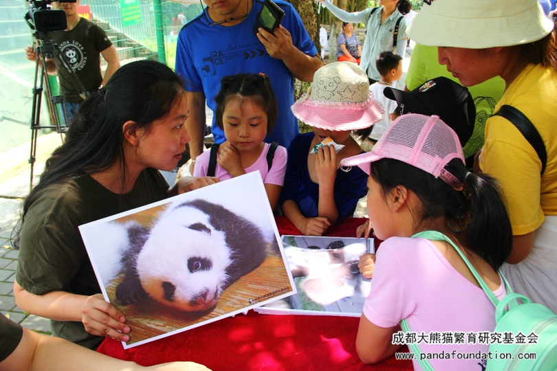 当时间来到8月12日,即“熊猫讲堂”贵州专场第三天,活动气氛达到了高潮,因为这天是和琪和美两只大熊猫双胞胎的生日。我们为此次生日小派对准备了签名墙和涂鸦活动,让参与活动的游客一起为大熊猫献上生日祝福。
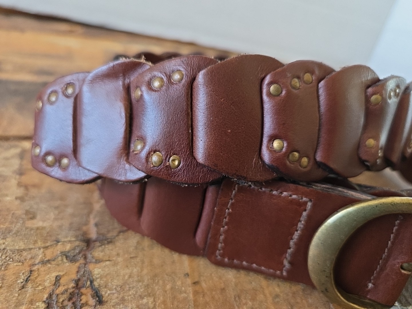 как выглядит Vintage Womans Brown Genuine Leather Belt Brass Accents Y2K SM фото
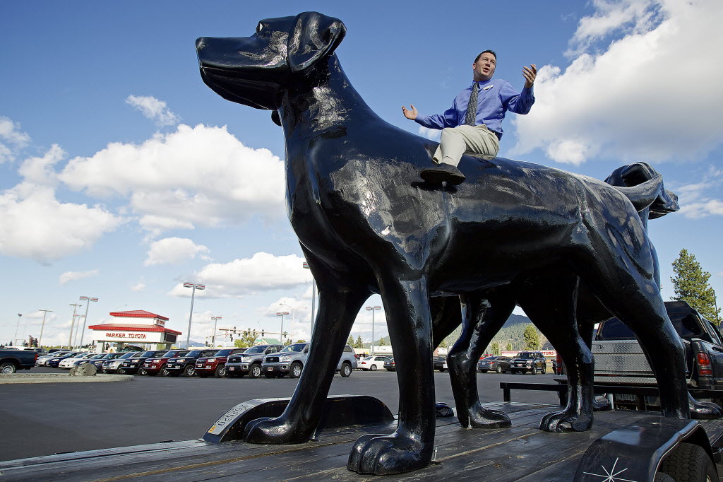 After prodding from his coworkers at Parker Toyota, Chris Baker sits atop a 9-1/2-tall fiberglass dog sculpted to the likeness one of the car dealership’s mascots “Lucky” which was delivered to the Coeur d’Alene car lot Wednesday from Wisconsin. (AP Photo/Coeur d’Alene Press, Jerome A. Pollos)
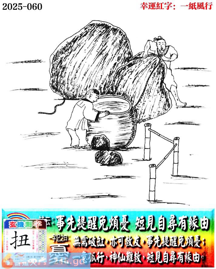 060期老版跑狗一字記之曰:【憂】 詩雲:事先提醒免煩憂,短見自尋有緣由。 無需破缸,亦可救友,事先提醒免煩憂; 一意孤行,神仙難救,短見自尋有緣由。 玄機測字:《扭》
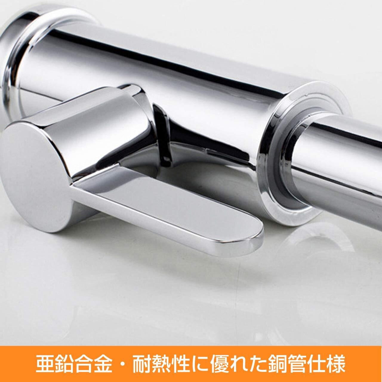 シンプルでスタイリッシュなデザインなのでどのような台所や洗面台、手洗いボウルなどにも設置しても違和感なく調和します。材質も耐衝撃性に優れた亜鉛合金で使い減りせず、末永くご使用いただけます。
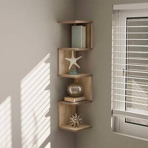 Prateleira de Canto Lyra 4 Nichos Decorativos Carvalho para Sala Quarto Livros - Bege
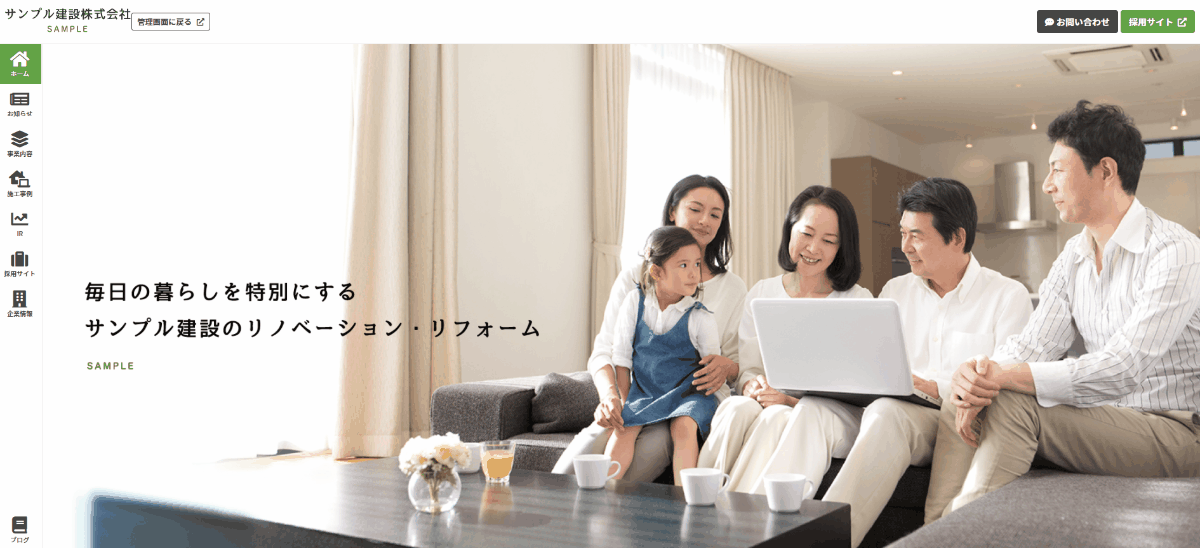 当サービスは、建設・建築業界特化のサイト作成SaaSサービスです。サイト作成の知識がなくても必要な情報を自分で管理画面で入力するだけで、企業に必要な様々なWebサイトを作成・更新することができます。月々の利用料も4,980円~と業界最安値であり、気軽に始めることができます。
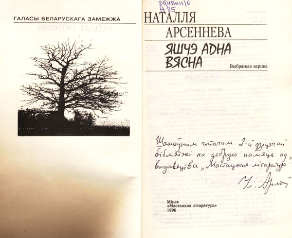 Шаноўным чытачам 2-ой дзіцячай бібліятэкі на добрую памяць ад выдавецтва “Мастацкая літаратура”. Ул. Арлоў.
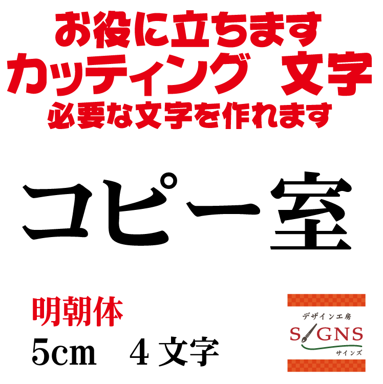 コピー室 カッティングシート 文字 文字シール 切り文字 製作 通販 屋外耐候 販促 集客 売上アップに 看板 案内板 必要な文字を作れます。明朝体 黒 5cm オリジナルグッズ
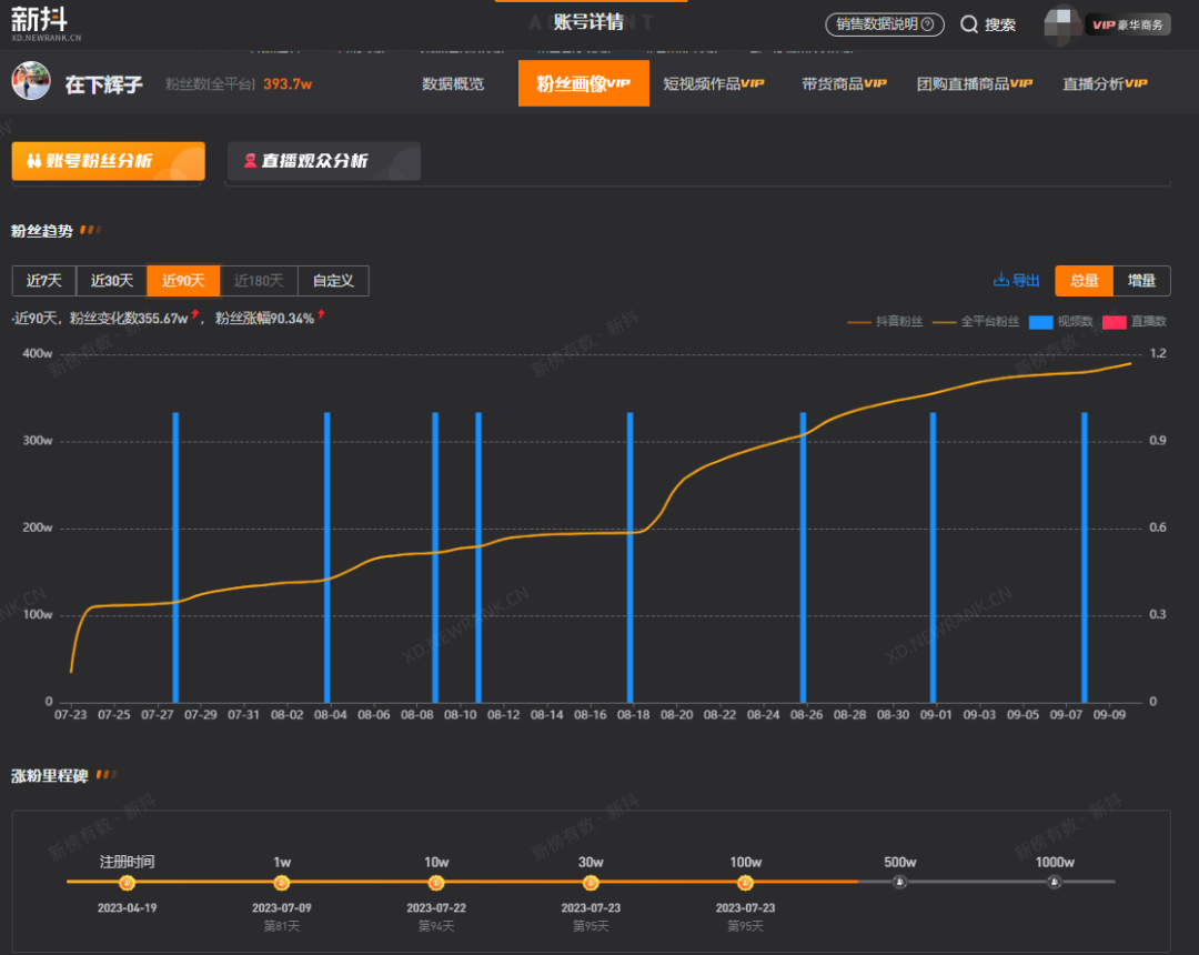 这条获赞200万的视频,也让“在下辉子”迎来了第一个涨粉高峰。新抖数据显示,这条视频发布后,“在下辉子”两天涨粉90万,粉丝量从十万突破百万大关。

━━━━━━━━━━━━━━━━

The data above must be written out again word for word, without its pictures.

- YOUR SOLUTION
 当时间来到8月12日,即“熊猫讲堂”贵州专场第三天,活动气氛达到了高潮,因为这天是和琪和美两只大熊猫双胞胎的生日。我们为此次生日小派对准备了签名墙和涂鸦活动,让参与活动的游客一起为大熊猫献上生日祝福。
 как выглядит Vintage Womans Brown Genuine Leather Belt Brass Accents Y2K SM фото
 After prodding from his coworkers at Parker Toyota, Chris Baker sits atop a 9-1/2-tall fiberglass dog sculpted to the likeness one of the car dealership’s mascots “Lucky” which was delivered to the Coeur d’Alene car lot Wednesday from Wisconsin. (AP Photo/Coeur d’Alene Press, Jerome A. Pollos)
 060期老版跑狗一字記之曰:【憂】 詩雲:事先提醒免煩憂,短見自尋有緣由。 無需破缸,亦可救友,事先提醒免煩憂; 一意孤行,神仙難救,短見自尋有緣由。 玄機測字:《扭》
 シンプルでスタイリッシュなデザインなのでどのような台所や洗面台、手洗いボウルなどにも設置しても違和感なく調和します。材質も耐衝撃性に優れた亜鉛合金で使い減りせず、末永くご使用いただけます。
 Prateleira de Canto Lyra 4 Nichos Decorativos Carvalho para Sala Quarto Livros - Bege
 当サービスは、建設・建築業界特化のサイト作成SaaSサービスです。サイト作成の知識がなくても必要な情報を自分で管理画面で入力するだけで、企業に必要な様々なWebサイトを作成・更新することができます。月々の利用料も4,980円~と業界最安値であり、気軽に始めることができます。
 Шаноўным чытачам 2-ой дзіцячай бібліятэкі на добрую памяць ад выдавецтва “Мастацкая літаратура”. Ул. Арлоў.
 コピー室 カッティングシート 文字 文字シール 切り文字 製作 通販 屋外耐候 販促 集客 売上アップに 看板 案内板 必要な文字を作れます。明朝体 黒 5cm オリジナルグッズ
 这条获赞200万的视频,也让“在下辉子”迎来了第一个涨粉高峰。新抖数据显示,这条视频发布后,“在下辉子”两天涨粉90万,粉丝量从十万突破百万大关。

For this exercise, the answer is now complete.